- **Problem to solve**: Apart from pictures, transcribe exactly each line from the one containing "In 2021, new" through the final line of the listing below.

- **Supplied material**:
====

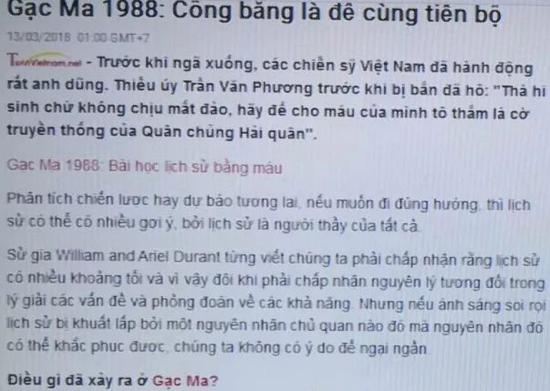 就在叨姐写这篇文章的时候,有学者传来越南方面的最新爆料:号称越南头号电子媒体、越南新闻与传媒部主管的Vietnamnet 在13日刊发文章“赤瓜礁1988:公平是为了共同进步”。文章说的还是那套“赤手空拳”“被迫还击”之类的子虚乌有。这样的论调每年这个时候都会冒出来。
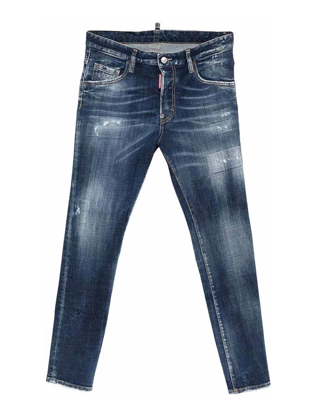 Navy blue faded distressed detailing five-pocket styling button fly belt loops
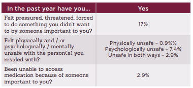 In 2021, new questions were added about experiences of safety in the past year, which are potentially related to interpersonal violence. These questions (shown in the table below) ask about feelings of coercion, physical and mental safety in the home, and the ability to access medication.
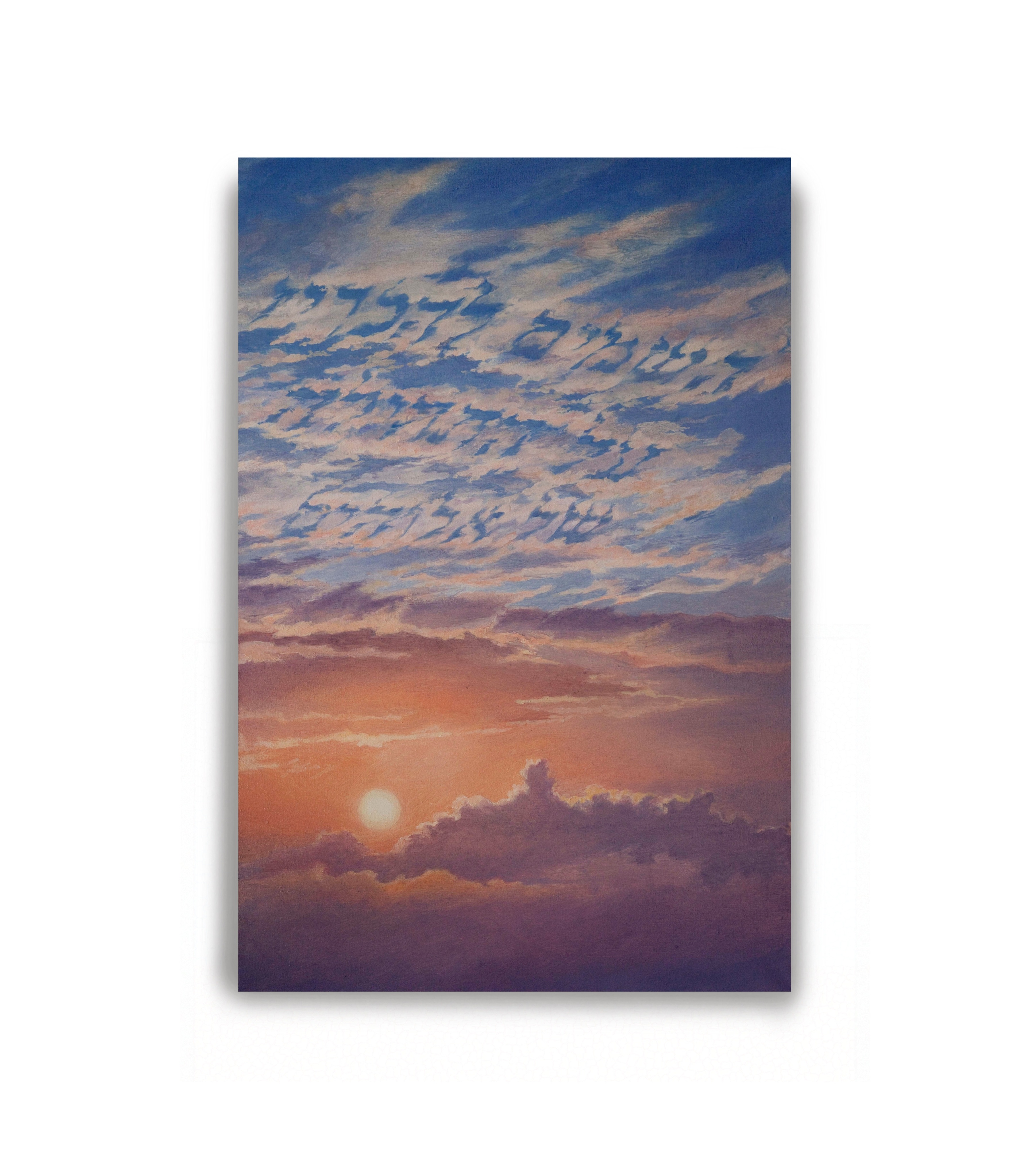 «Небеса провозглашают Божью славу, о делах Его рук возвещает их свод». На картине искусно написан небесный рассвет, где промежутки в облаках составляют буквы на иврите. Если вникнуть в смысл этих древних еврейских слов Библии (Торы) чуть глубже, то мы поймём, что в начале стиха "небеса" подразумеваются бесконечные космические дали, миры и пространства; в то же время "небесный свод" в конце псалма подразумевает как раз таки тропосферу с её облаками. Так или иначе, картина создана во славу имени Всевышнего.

====

- **Expected answer**:
 In 2021, new questions were added about experiences of safety in the past year, which are potentially related to interpersonal violence. These questions (shown in the table below) ask about feelings of coercion, physical and mental safety in the home, and the ability to access medication.
 «Небеса провозглашают Божью славу, о делах Его рук возвещает их свод». На картине искусно написан небесный рассвет, где промежутки в облаках составляют буквы на иврите. Если вникнуть в смысл этих древних еврейских слов Библии (Торы) чуть глубже, то мы поймём, что в начале стиха "небеса" подразумеваются бесконечные космические дали, миры и пространства; в то же время "небесный свод" в конце псалма подразумевает как раз таки тропосферу с её облаками. Так или иначе, картина создана во славу имени Всевышнего.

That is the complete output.